## [What to produce]
Write the data out in full and word for word. Do not include images.

## [Exercise data]
______________________________

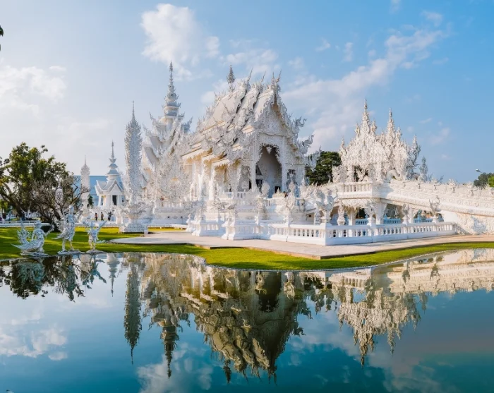 Onderweg naar Chiang Rai bezoek je de indrukwekkende Rong Khun Tempel, beter bekend als de Witte Tempel. Dit moderne meesterwerk uit 1997 is gemaakt door de lokale kunstenaar Chalermchai Kositpipat en onderscheidt zich sterk van de traditionele tempels in Thailand. De unieke witte en zilveren façade symboliseert zuiverheid en verlichting, terwijl de vele details zowel religieuze als verrassend moderne verwijzingen bevatten.
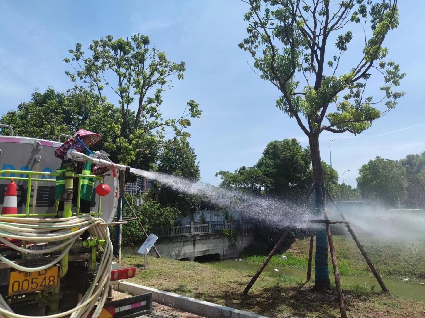 同時,考慮到夏季高溫特點,確保生產(chǎn)作業(yè)和人員安全兩不誤,根據(jù)市城管執(zhí)法委要求,市公園管理處合理調(diào)整時間,避開上午11:30到下午15:30高溫時段澆水抗旱作業(yè),采取“輪班作業(yè)、歇人不歇設(shè)備”的方式,確保苗木澆灌效率。
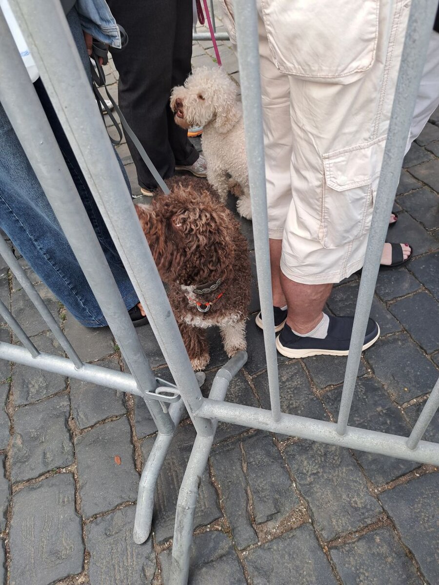 А вот эти люди с собаками! Я такого ещё не видела. Привели к тебе знакомиться. Специально приехали с питомцами своими ненаглядными!

______________________________

## [Solution to the exercise]
 Onderweg naar Chiang Rai bezoek je de indrukwekkende Rong Khun Tempel, beter bekend als de Witte Tempel. Dit moderne meesterwerk uit 1997 is gemaakt door de lokale kunstenaar Chalermchai Kositpipat en onderscheidt zich sterk van de traditionele tempels in Thailand. De unieke witte en zilveren façade symboliseert zuiverheid en verlichting, terwijl de vele details zowel religieuze als verrassend moderne verwijzingen bevatten.
 同時,考慮到夏季高溫特點,確保生產(chǎn)作業(yè)和人員安全兩不誤,根據(jù)市城管執(zhí)法委要求,市公園管理處合理調(diào)整時間,避開上午11:30到下午15:30高溫時段澆水抗旱作業(yè),采取“輪班作業(yè)、歇人不歇設(shè)備”的方式,確保苗木澆灌效率。
 А вот эти люди с собаками! Я такого ещё не видела. Привели к тебе знакомиться. Специально приехали с питомцами своими ненаглядными!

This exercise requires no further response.